Fitting in has evolutionary logic. After all, people aren’t cats; we’re intensely interrelational. The sheer pleasure of connection can be found in conversation, sex, humor, and tiny moments of profundity communing with nature. We crave it. We also need it. Rutger Bregman points out that our competitive advantage as a species isn’t sheer intellect or cognitive ability - we measure pretty closely with our primate cousins on these measures - but our mirror neurons that let us copy what others are doing. Cooperation and mimicry allowed us to form bands and co-ordinate complex tasks, like building, hunting and language.
The drawback is that fitting in also creates stasis.
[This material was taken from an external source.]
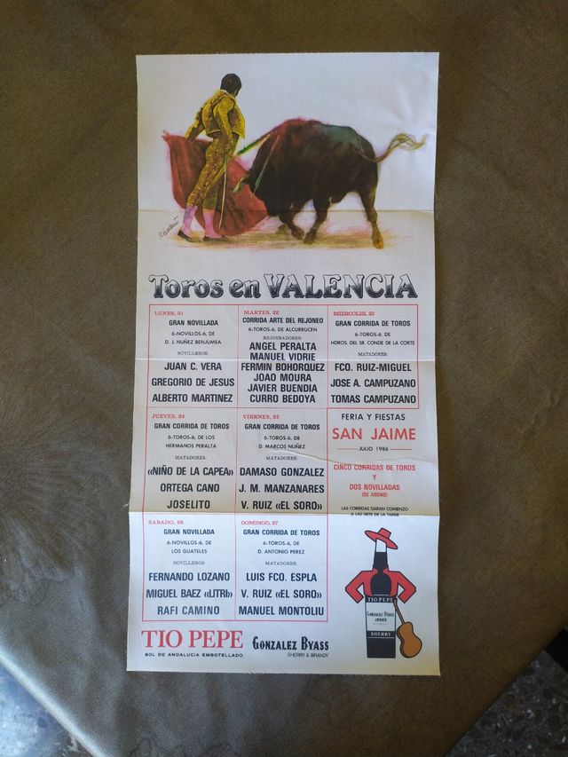 Détails du produitCartel para enmarcar de exposición de corridas de Toros Feria San Jaime en Plaza de Valencia año 1986. Obsequio exclusivo de Bodegas Gonzalez Byass a directiva invitando a visita, en papel de calidad y seda por la parte principal, atras escudo e invitación en 3 idiomas.

Fitting in is about diminishing one’s sense of individuation. Individuation is important. The universe conspired to wire us all differently, and from our unique little vantage springs your particular perspective and your unique thoughts. The magic of diversity is fundamental to innovation and progress. In the aggregate, we need your tiny contribution to the tapestry because progress is neither predictable nor guaranteed. We don’t know what the next important idea is, and so we need as many of them - especially the batshit and barmy - as possible. Ditto for trying different lifestyles.
Humans genuinely need to see others out on a limb, plumbing the outer limits of what a life can be to understand how far we can collectively go. We need, as Nietzsche put it, a super[wo]man. Even with our propensity for fitting in, human beings have always had a soft spot for the eccentrics - witness the grand burials of ancient human skeletons with Dwarfism, or mystical figures like shamans and soothsayers that were always just a little extra.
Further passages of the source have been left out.